The newest winner of The Tester has a new job and an extra $5,000, but he’s hoping this is the start of great things in his life.
For Matthew Brown, videogames have always been a regular fixture in his life. They helped him deal with the problems he encountered as a closeted gay teen. He failed his first attempt at driver’s license test because he’d stayed up all night playing The Getaway. Now, they’re going to fill his daily routine. Brown (better known as “Gaymer”) is the winner of The Tester 2, Sony’s reality show on the PlayStation Network that wrapped up last night, and he couldn’t be more enthusiastic or grateful about what this means for him.
The show’s eight-episode season featured twelve contestants jockeying for a single position at Sony (as well as a $5,000 signing bonus). Though each episode featured a different challenge, sometimes physical, sometimes mental, the hardest part about the show for Brown was knowing that the cameras were always present.
“The cameras are on you almost all the time,” Brown explained in an interview with The Escapist. “For me especially, representing [both] a community and myself to an entire industry, I was very aware that this was both an interview and a game within a game … everything that I was bringing to the table had to be shown and I knew that I had to be three-dimensional as a person because people will judge you for one aspect of yourself. I wanted people to know I was more than just one thing … or just one type.”
While many critics of the show have noted that becoming a game tester isn’t exactly a glamorous prize, Brown is thrilled at the career opportunities the position will (hopefully) provide him with.
“Testing gives me an opportunity to learn all there is about the gaming industry,” he said. “I can now be recognized by future coworkers and (hopefully) [this recognition will] help me move forward in the industry.”
As for where he hopes to wind up within Sony, Brown is keeping his options open, though he’s currently hoping to find himself working as a part of the company’s marketing team: “I love people and I love interacting with the community, so anything that involves PR or working with people, that seems a strong suit of mine and where my strengths would lead. But I would never discount wanting to create games myself … it would be a dream to one day be a game director.”
Brown’s hopes seem pretty reasonable. After all, Will Powers (AKA “Cyrus”, the winner of the first season of The Tester) also moved into the marketing department at Sony after he first started in the QA division. In a recent episode, Powers recently visited the set of the show and talked about how The Tester had changed his life for the better.
In Brown’s case, “this is a huge life change. The last few years, I’ve been Mr. Activist and this really marks a change for me because I’m letting go of that weight from my shoulders … this is a chance to pursue everything I’ve ever wanted.”

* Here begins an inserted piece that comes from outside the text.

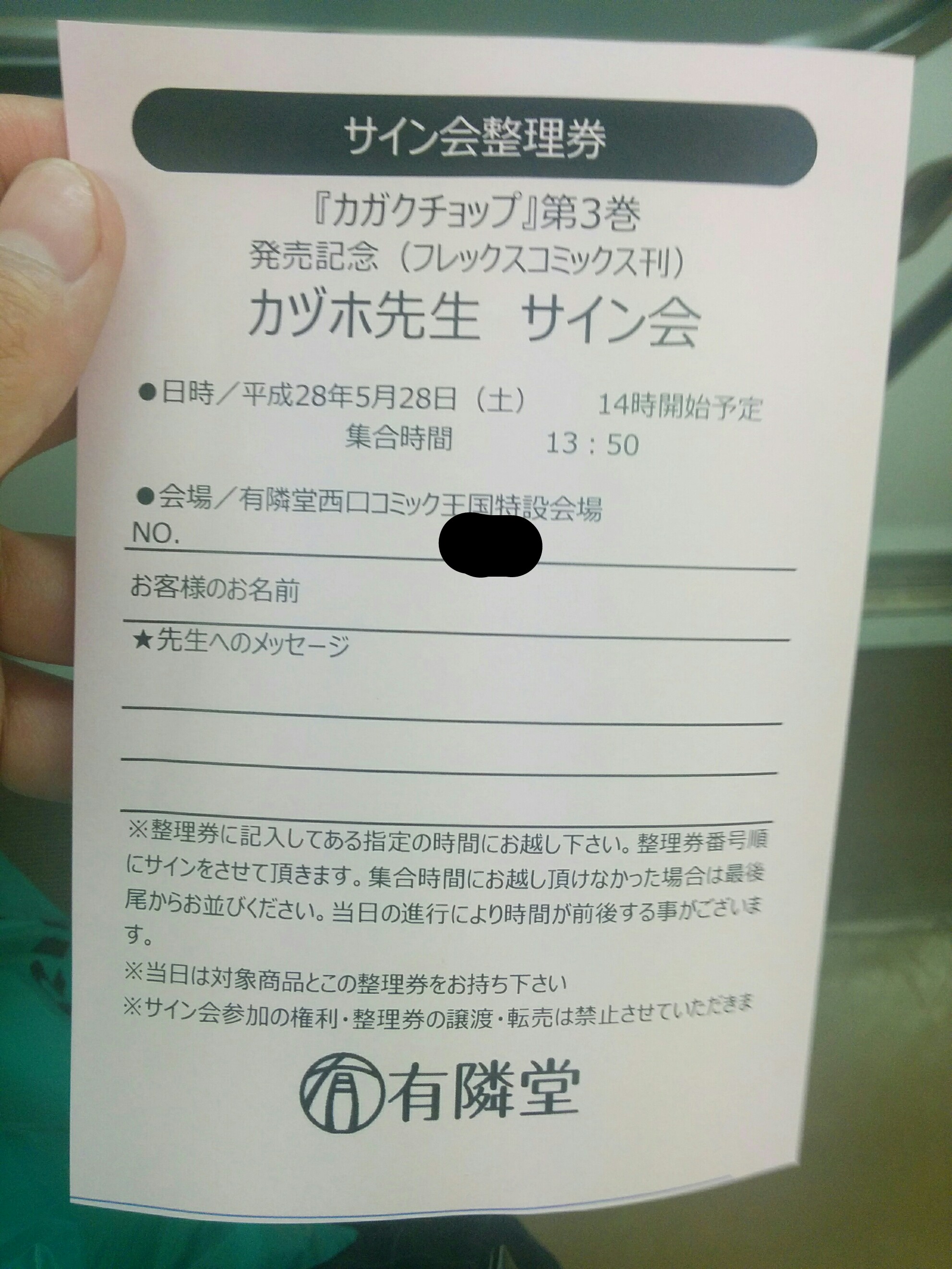 ぼく、カヅホ先生サイン会の整理券を手に入れる

After graduating from UC Berkeley, Brown moved to Southern California and began working in the marketing department for a defense contractor, while doing volunteer work as a “full-time activist” at night. But, even though he was living in the real world and working in a job that had nothing to do with games, he was still a gamer.

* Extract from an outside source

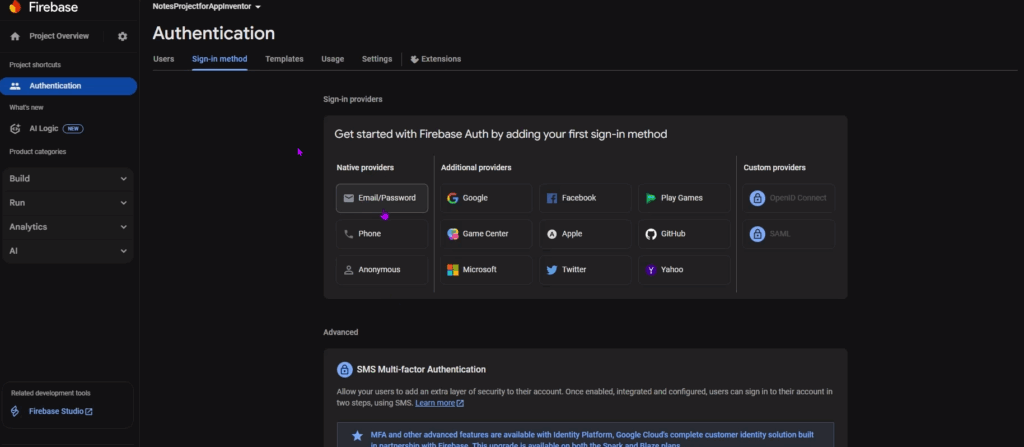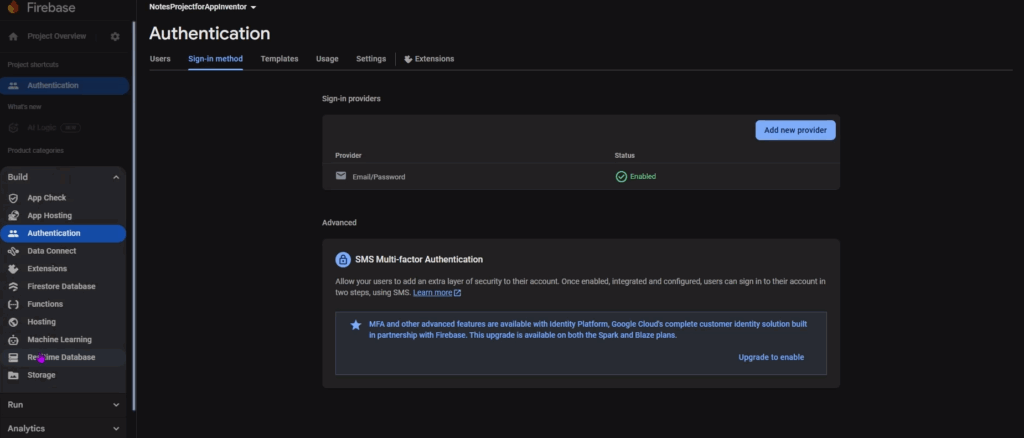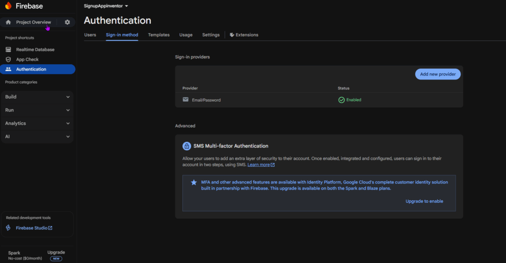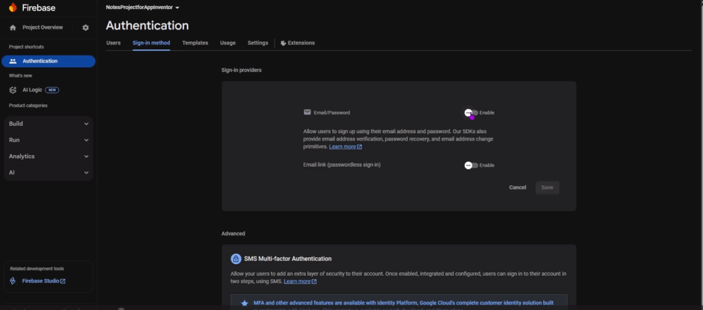 It will take you to another page. Enable only Email/Password sign-in here.

“I’m a part of many communities. As I’ve grown to be more social, I’ve met so many people and I’ve really found a home with gamers. They’re wonderful, loving, non-judgmental people who just like to be creative … [the community] feels like home.”
For those of you who don’t know, The Tester 2 was the sequel to this Spring’s The Tester, the reality show that pitted a number of hopeful gamers against each other as they competed to win a job as a QA tester at Sony’s Santa Monica studios. As Sony explained to The Escapist, the second season was going to be even bigger, with more drama, more judges, and the new “Download & Win” feature. The tactic was pretty successful, since Sony revealed, “while final viewership numbers are still being calculated, we have seen outstanding impression numbers.”
But for Brown, the reality show victory is the beginning of a life he’s always seemed to want. At the moment, it’s expected that he will start working for Sony sometime in January, and he’s chomping at the bit to start working in the videogame industry: “For [me], this is exciting; to go humbly into the industry and create actually figure out what [I] want to do in Sony.”